The fruit of Japanese apricot is rich in organic acids, which have strong antibacterial activities. The types and contents of organic acids in six different cultivars of Japanese apricot fruit were evaluated by reverse-phase high performance liquid chromatography (HPLC). The antibacterial activity against Escherichia coli, Bacillus subtilis and Streptococcus suis was also determined. The results revealed that there are nine types of organic acids in the presence of the extracts of Japanese apricot fruit, including oxalic, tartaric, malic, ascorbic, acetic, citric, maleic, fumaric and succinic acids. The total organic acid content of ‘Zhonghong’ was the highest among the studied cultivars, and the main organic acids present were citric and malic acids. The antibacterial activity on the growth of E. coli and B. subtilis was higher than on the growth of S. suis. The antibacterial effect of acetic acid against bacteria was the best, and the minimum antibacterial concentration (MIC) against E. coli and B. subtilis was 0.417 mg/mL. The citric and maleic acids were also against these three strains of bacteria. The results suggest that the antibacterial activity is related to the organic acid composition and content of Japanese apricot fruit.

Genomic variants of genes associated with three horticultural traits in apple revealed by genome re-sequencing.
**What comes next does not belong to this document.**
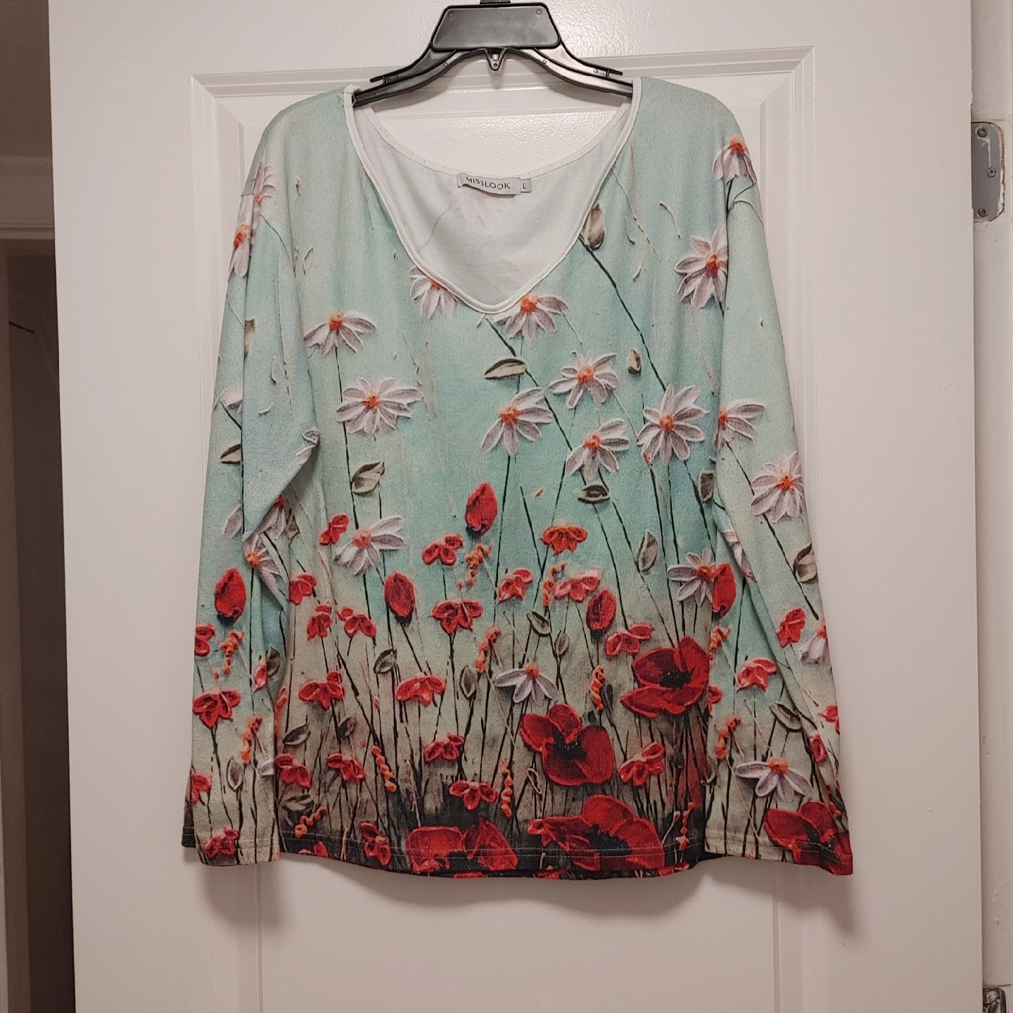 63This is a lovely Misslook long sleeve top featuring a vibrant floral pattern. It's a size L and in great condition, perfect for adding a pop of colour to your wardrobe

The apple (Malus × domestica Borkh.) cultivar ‘Su Shuai’ exhibits greater disease resistance, shorter internodes and lighter fruit flavor compared with its parents ‘Golden Delicious’ and ‘Indo’. To obtain a comprehensive overview of the sequence variation in these three horticultural traits, the genomes of ‘Su Shuai’ and ‘Indo’ were resequenced using next-generation sequencing and compared to the genome of ‘Golden Delicious’. A wide range of genetic variations were detected, including 2 454 406 and 18 749 349 single nucleotide polymorphism (SNP) and 59 547 and 50 143 structural variants (SVs) in the ‘Indo’ and ‘Su Shuai’ genomes, respectively. Among the SVs in ‘Su Shuai’, 17 genes related to disease resistance, 10 genes related to Gibberellin (GA) and 19 genes associated with fruit flavor were identified. The expression patterns of eight of the SV genes were examined using reverse transcription-quantitative polymerase chain reaction (RT-qPCR). The results of this study illustrate the genomic variation in these cultivars and provide evidence for a genetic basis for the horticultural traits of disease resistance, short internodes and lighter flavor exhibited in these cultivars. These results provide a genetic basis for the phenotypic characteristics of ‘Su Shuai’ and, as such, these SVs could serve as gene-specific molecular markers in maker-assisted breeding of apples.